- EXERCISE PROMPT
Repeat the records below exactly, leaving out every picture.

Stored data
══════════════════════════════
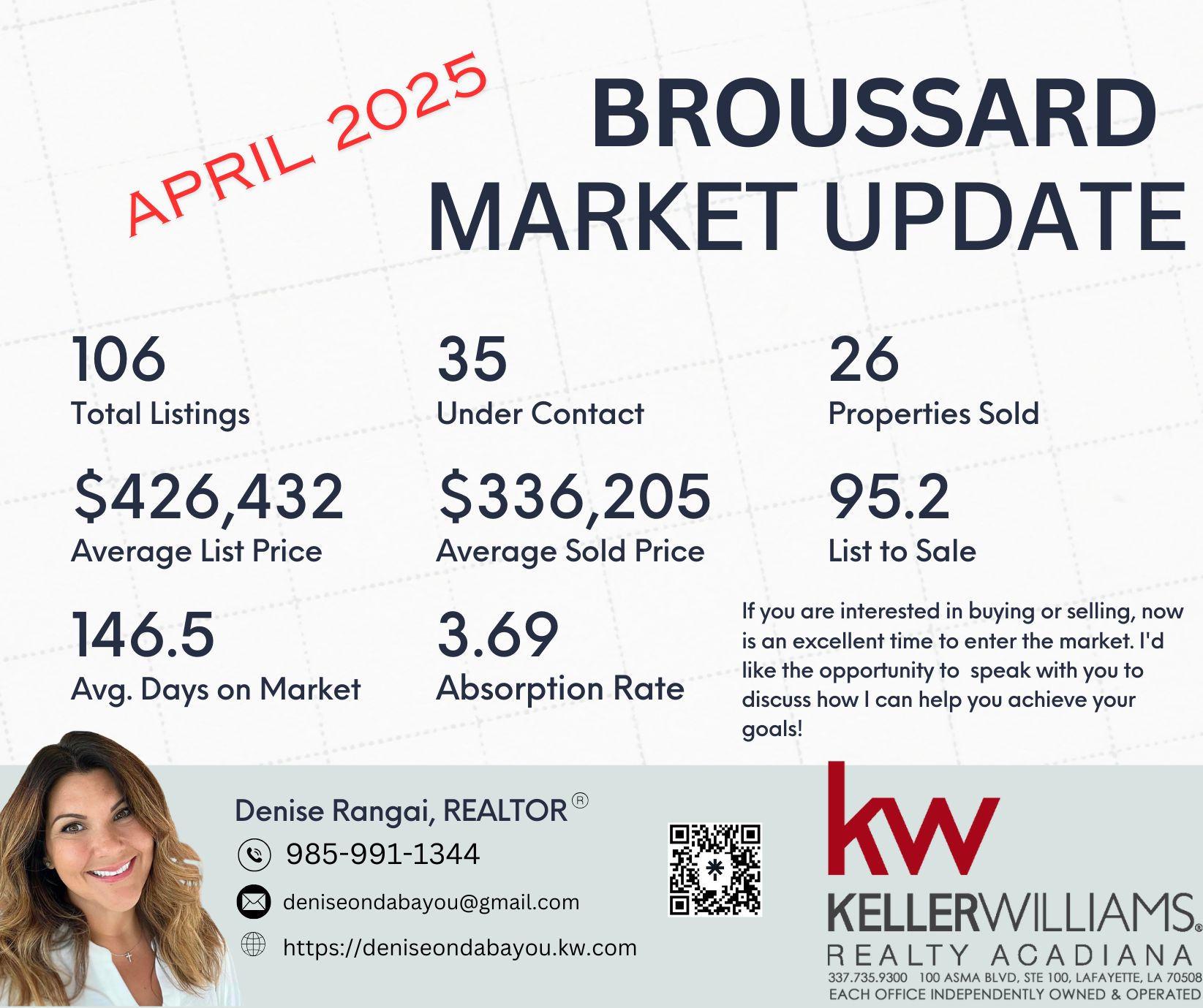 For further inquiries and market guidance, buyers and sellers can reach out to me, Denise Rangai, at (985) 991-1344 or deniseondabayou@gmail.com or visit https://deniseondabayou.kw.com
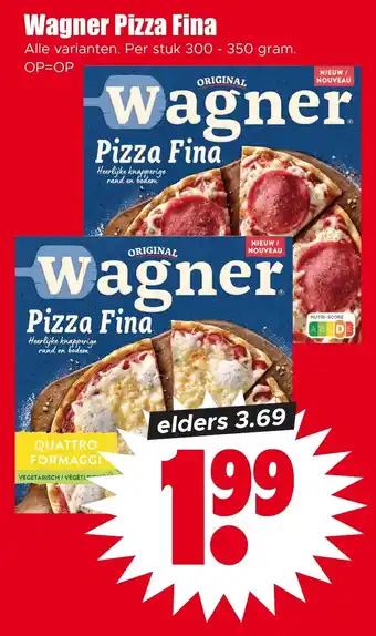 De prijs van de Wagner Pizza Fina kan ook teruggevonden worden hierboven op de pagina, samen met de datum van wanneer de aanbieding beschikbaar is. Ook kun je de prijzen in de huidige Dirk folder of op de Dirk website controleren. De aanbiedingen verzekeren je van het kopen van de Dirk producten voor de laagste prijs.
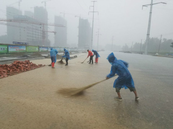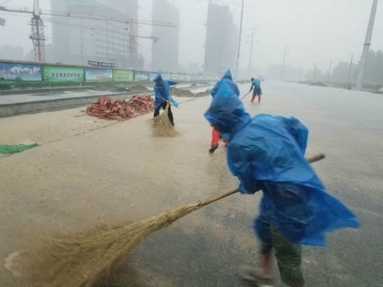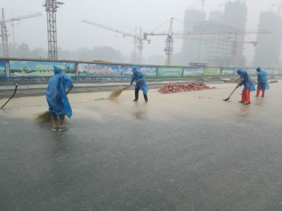 图为项目部员工冒雨清扫路面
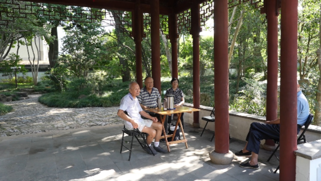 亭台内,不少市民正在喝茶乘凉。许先生今年92岁,来秋霞圃纳凉聊天是他坚持了数十年的习惯:“早上趁着阳光不大,赶快出来凉快凉快、看看美景,不然天天闷空调房里也不舒服。”
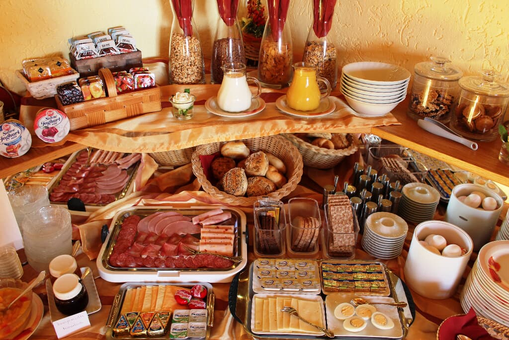 Damit Sie gut in den Tag starten, können Sie sich an unserem reichhaltigen Frühstücksbuffet stärken. Zudem bieten wir Ihnen einen Kaffee und Snackautomaten, sowie eine Terrasse mit Grillmöglichkeit. Motorräder und Fahrräder können Sie gerne kostenlos in einer abschließbaren Garage unterstellen.
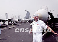 美國航空母艦“星座號(hào)”20日抵達(dá)香港,進(jìn)行補(bǔ)給及維修,并公開予傳媒參觀。圖為一名海軍士兵向傳媒介紹艦上設(shè)施。中新社傳真 盧峰 攝
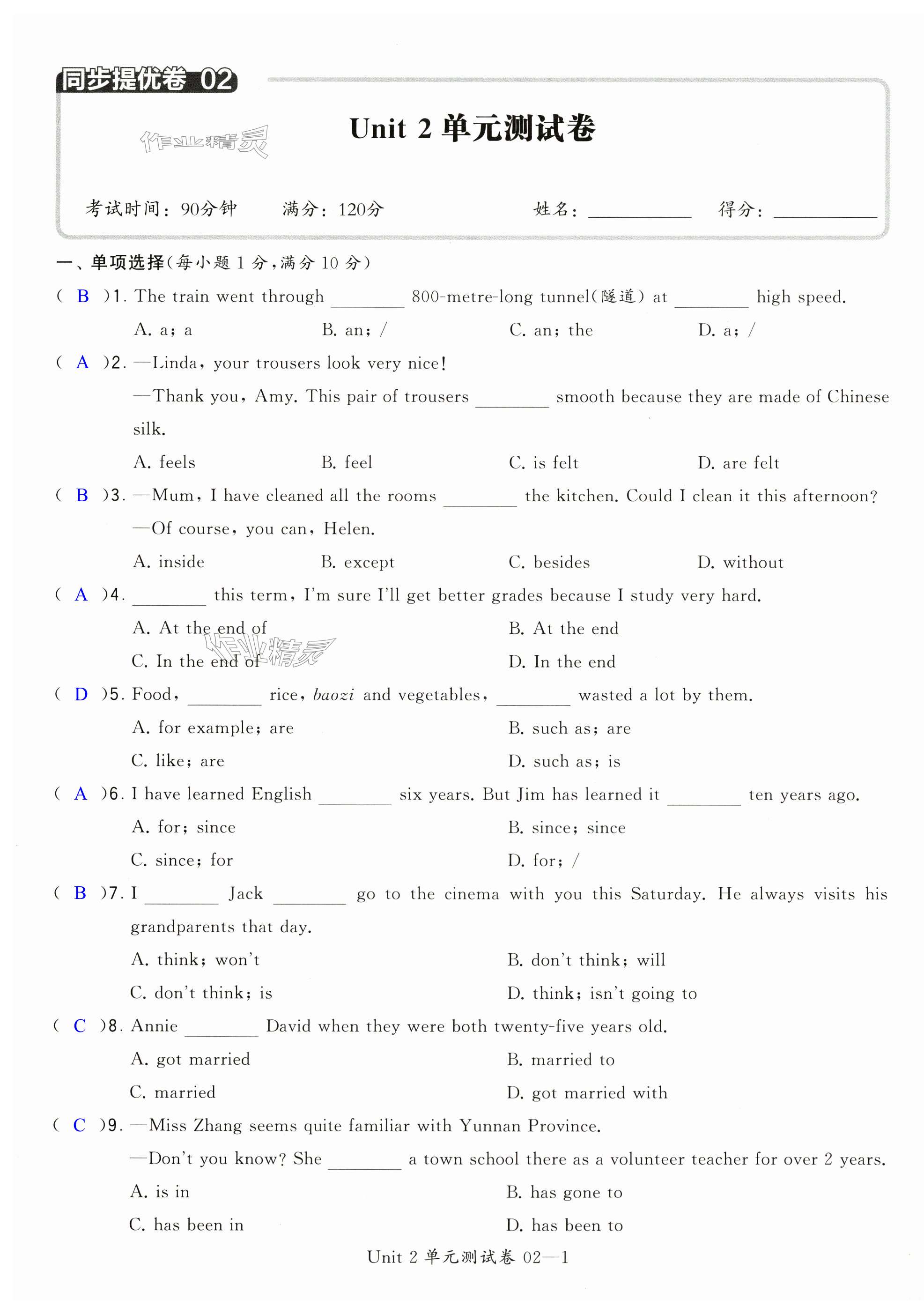 注:目前有些书本章节名称可能整理的还不是很完善,但都是按照顺序排列的,请同学们按照顺序仔细查找。练习册 2024年学霸提优大试卷八年级英语下册译林版 答案主要是用来给同学们做完题方便对答案用的,请勿直接抄袭。
══════════════════════════════
- SOLUTION FOR THIS PROBLEM
 For further inquiries and market guidance, buyers and sellers can reach out to me, Denise Rangai, at (985) 991-1344 or deniseondabayou@gmail.com or visit https://deniseondabayou.kw.com
 De prijs van de Wagner Pizza Fina kan ook teruggevonden worden hierboven op de pagina, samen met de datum van wanneer de aanbieding beschikbaar is. Ook kun je de prijzen in de huidige Dirk folder of op de Dirk website controleren. De aanbiedingen verzekeren je van het kopen van de Dirk producten voor de laagste prijs.
 图为项目部员工冒雨清扫路面
 亭台内,不少市民正在喝茶乘凉。许先生今年92岁,来秋霞圃纳凉聊天是他坚持了数十年的习惯:“早上趁着阳光不大,赶快出来凉快凉快、看看美景,不然天天闷空调房里也不舒服。”
 Damit Sie gut in den Tag starten, können Sie sich an unserem reichhaltigen Frühstücksbuffet stärken. Zudem bieten wir Ihnen einen Kaffee und Snackautomaten, sowie eine Terrasse mit Grillmöglichkeit. Motorräder und Fahrräder können Sie gerne kostenlos in einer abschließbaren Garage unterstellen.
 美國航空母艦“星座號(hào)”20日抵達(dá)香港,進(jìn)行補(bǔ)給及維修,并公開予傳媒參觀。圖為一名海軍士兵向傳媒介紹艦上設(shè)施。中新社傳真 盧峰 攝
 注:目前有些书本章节名称可能整理的还不是很完善,但都是按照顺序排列的,请同学们按照顺序仔细查找。练习册 2024年学霸提优大试卷八年级英语下册译林版 答案主要是用来给同学们做完题方便对答案用的,请勿直接抄袭。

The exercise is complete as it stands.